Provided information START

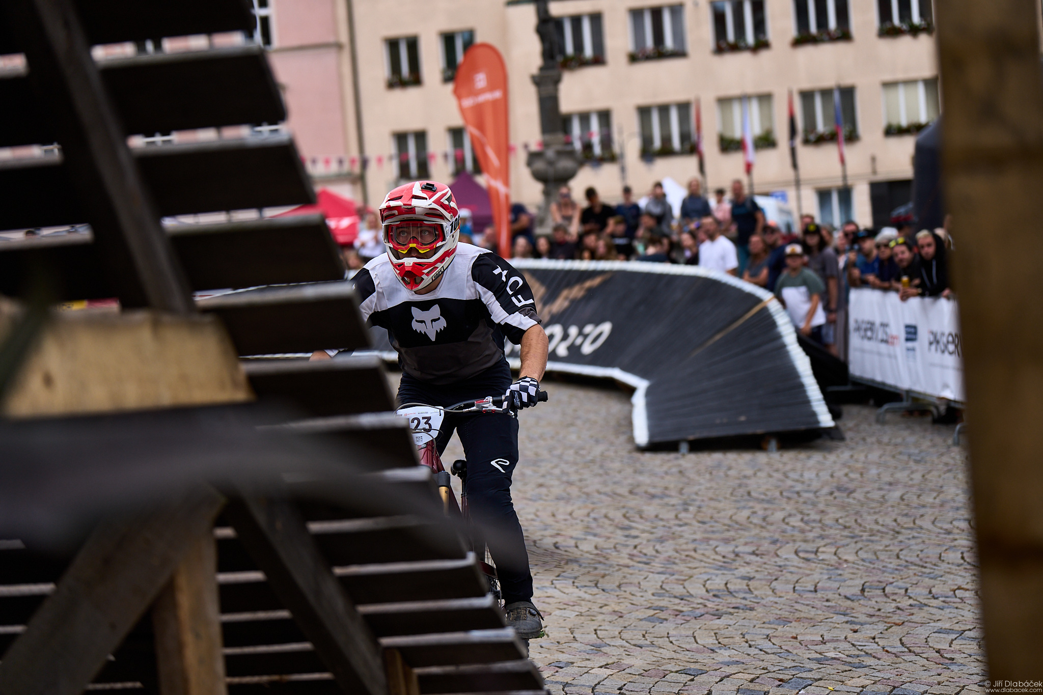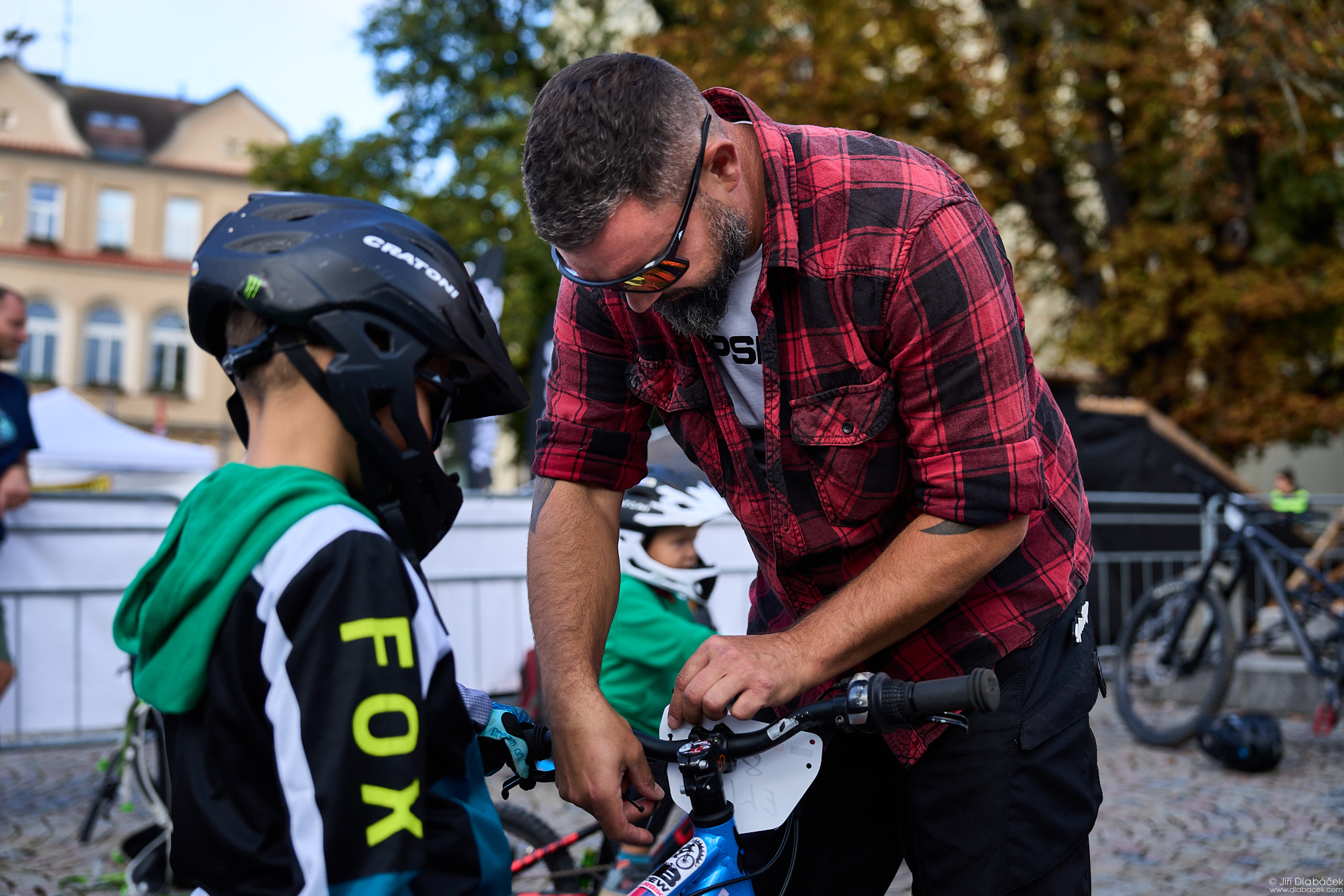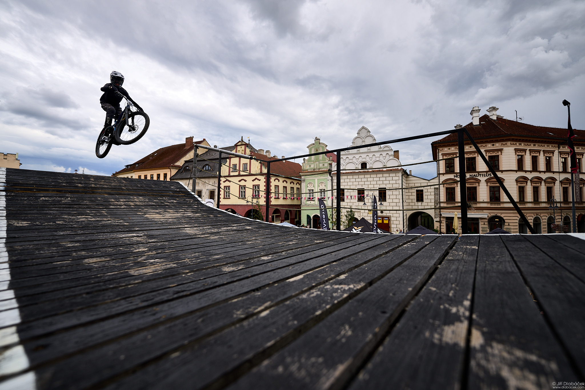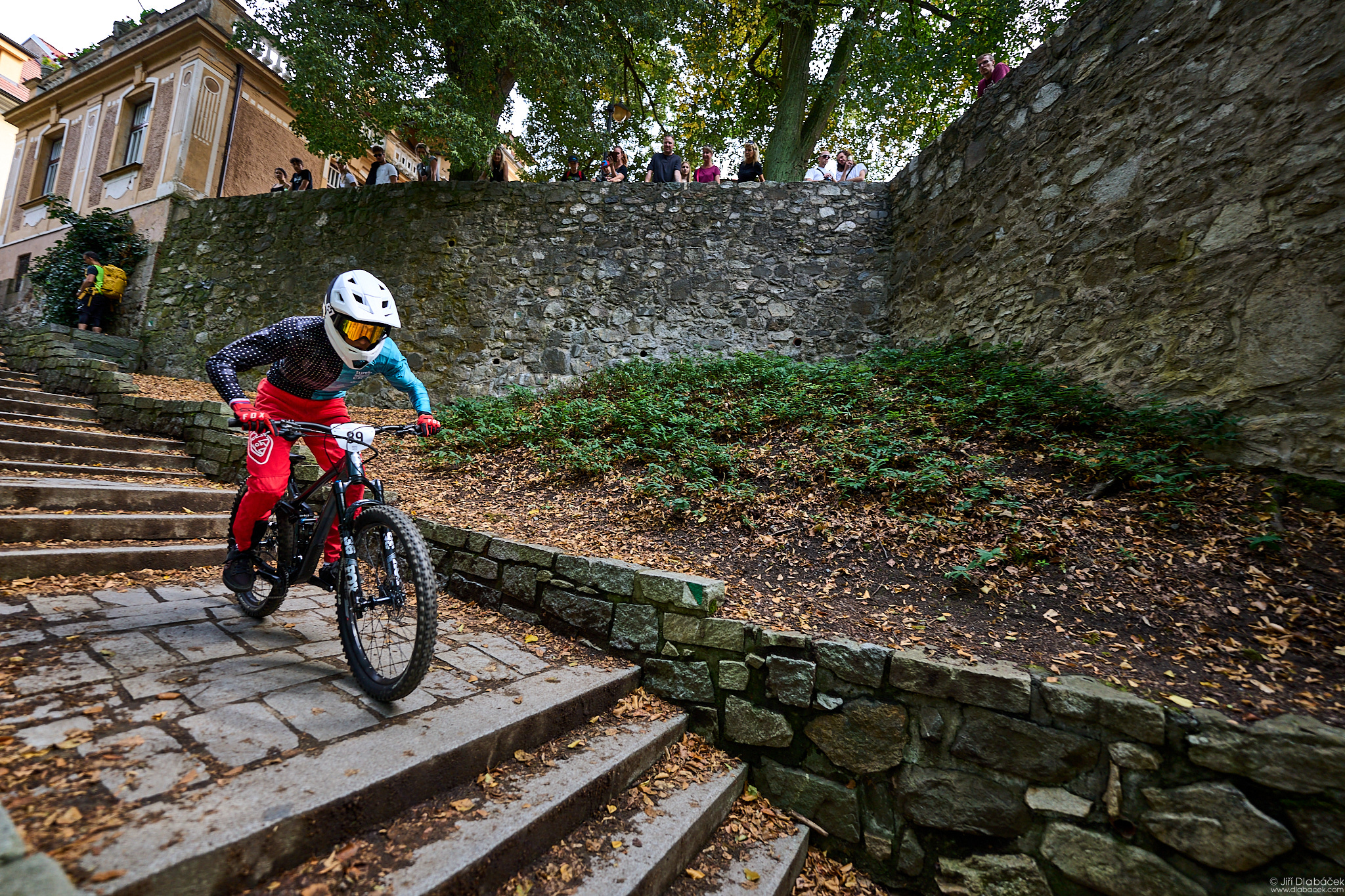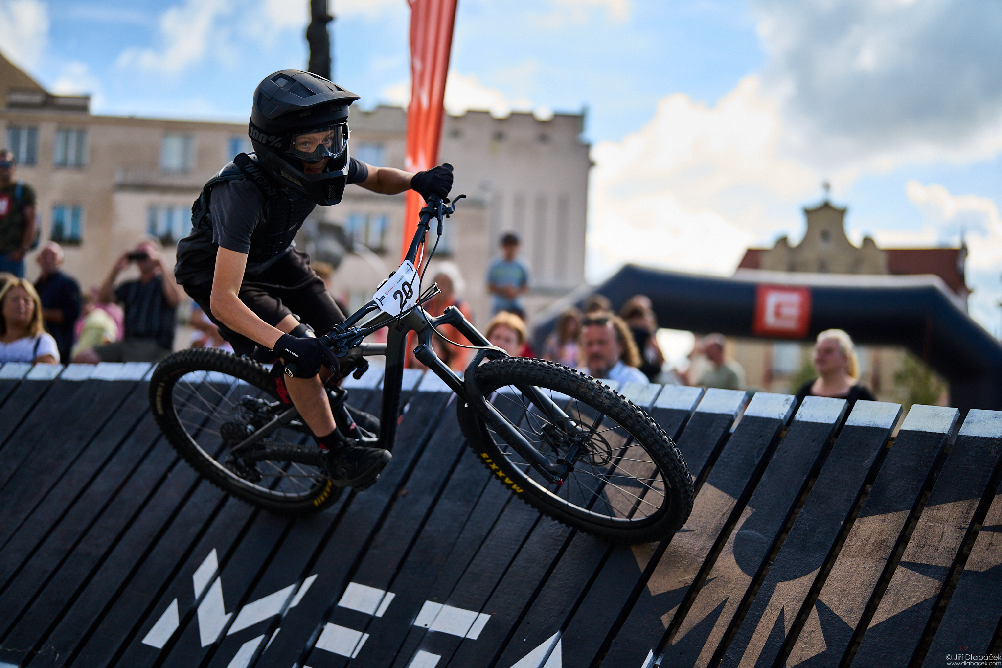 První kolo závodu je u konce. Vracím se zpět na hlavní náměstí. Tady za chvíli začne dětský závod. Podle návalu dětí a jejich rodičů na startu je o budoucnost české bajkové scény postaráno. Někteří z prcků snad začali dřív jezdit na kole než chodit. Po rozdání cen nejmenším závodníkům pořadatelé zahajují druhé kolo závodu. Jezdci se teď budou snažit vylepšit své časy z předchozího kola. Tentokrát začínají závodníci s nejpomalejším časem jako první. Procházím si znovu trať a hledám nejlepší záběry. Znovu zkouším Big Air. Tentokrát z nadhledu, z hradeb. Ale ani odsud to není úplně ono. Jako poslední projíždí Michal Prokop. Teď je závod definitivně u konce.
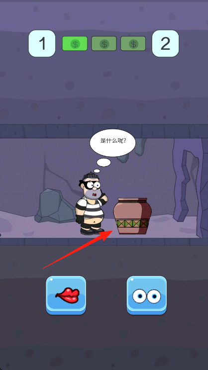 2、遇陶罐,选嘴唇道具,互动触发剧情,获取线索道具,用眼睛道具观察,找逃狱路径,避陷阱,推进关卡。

Provided information END
Provided information START

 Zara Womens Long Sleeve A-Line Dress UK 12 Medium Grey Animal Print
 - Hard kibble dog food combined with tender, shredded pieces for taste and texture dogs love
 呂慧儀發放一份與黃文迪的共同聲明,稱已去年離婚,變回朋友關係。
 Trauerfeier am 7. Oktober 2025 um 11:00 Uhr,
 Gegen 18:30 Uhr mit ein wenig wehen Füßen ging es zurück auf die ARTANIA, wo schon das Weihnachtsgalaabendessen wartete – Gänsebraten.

Provided information END

→ Instructions to follow
Of all the entries above, retype exactly the lines from the line with "Trauerfeier am 7." to the line with "Gegen 18:30 Uhr", both included, and no others.

→ Written answer
 Trauerfeier am 7. Oktober 2025 um 11:00 Uhr,
 Gegen 18:30 Uhr mit ein wenig wehen Füßen ging es zurück auf die ARTANIA, wo schon das Weihnachtsgalaabendessen wartete – Gänsebraten.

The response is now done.